Sunday morning required the standard buffet trip. We figured brunch was a smarter choice since the race was at 5:30pm and lunch can be dicey on the stomach. I loved having an omelet with a side of broccoli and carrots and a peanut butter blonde brownie. Mmmm!
Here's where an evening race gets complicated. What do you do with yourself in Vegas that doesn't require walking or drinking. I couldn't go window shopping at the Palazzo shops or the Forum Shops at Ceasar's. I know, right?! We were bored out of our minds. So we hung out in the room, watched a movie and relaxed. I so prefer morning races where you knock out the event and then have the rest of the day to be dangerous!
We left the hotel a little before 4:00pm to take the shuttle from Aria to Mandalay Bay. We stood in a ridiculously long line that wrapped around and around feeling like it was never-ending. We were glad we made the choice to leave a little early and not cut it close for this very reason - 44,000 people were trying to get to the same start line during the same period. Several buses showed up and we didn't quite make it. Rats! We were a bit concerned about having to wait till the next group of buses come back. But wait. Three limos provided by Aria magically appeared. Can this really be true? That's right - we traveled to the start line in VIP style! The limo dropped us off right next to the port-o-potties, which had short lines. Bonus! This was appreciated considering how cold it was (low 40s). We ambled over to our corrals and tried to keep close to our new friends in Corral 15 to maintain some warmth.

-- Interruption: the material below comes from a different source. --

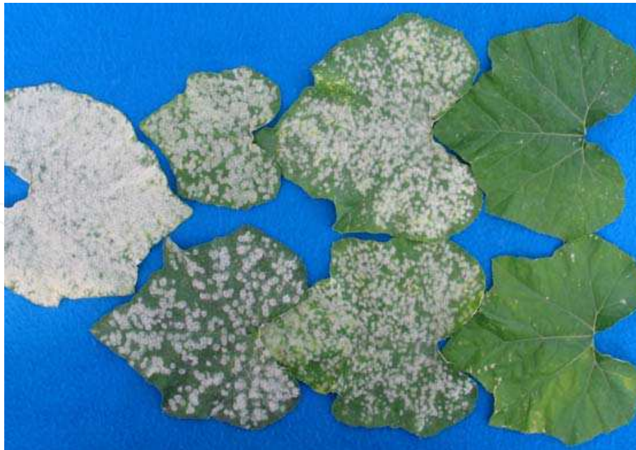
Fig. 9. Leaves from in-field bioassay seedlings eleven days after exposure to a cucurbit powdery mildew pathogen population (treatments clockwise from severely-affected non-treated control leaf at left: 50 ppm thiophanate-methyl, 80 ppm myclobutanil, 100 ppm boscalid, 1 ppm quinoxyfen, 80 ppm triflumizole, and 50 ppm trifloxystrobin)

Mike McCready, Pearl Jam's lead guitarist, played the National Anthem. And then we were released by corrals to start the race. Just another reason I don't like big races - the long wait to cross the start line. For us, it was about 20 minutes. That's 20 minutes standing in the cold. Let me tell you, that does NOT help race day performance. We both commented how stiff and heavy our legs felt.
And we were off! I spent the entire race dodging people and being hit, bumped, pushed or stepped on. This race was larger than even the Marine Corps Marathon and much larger than Grandma's marathon. As I've said, BIG is not BETTER, except with my husband (TWSS).
The first 4 miles were on the newer part of the strip. The lights were exciting, although at times hard on the eyes. I remember thinking the Christmas tree outside the Venetian was simply spectacular.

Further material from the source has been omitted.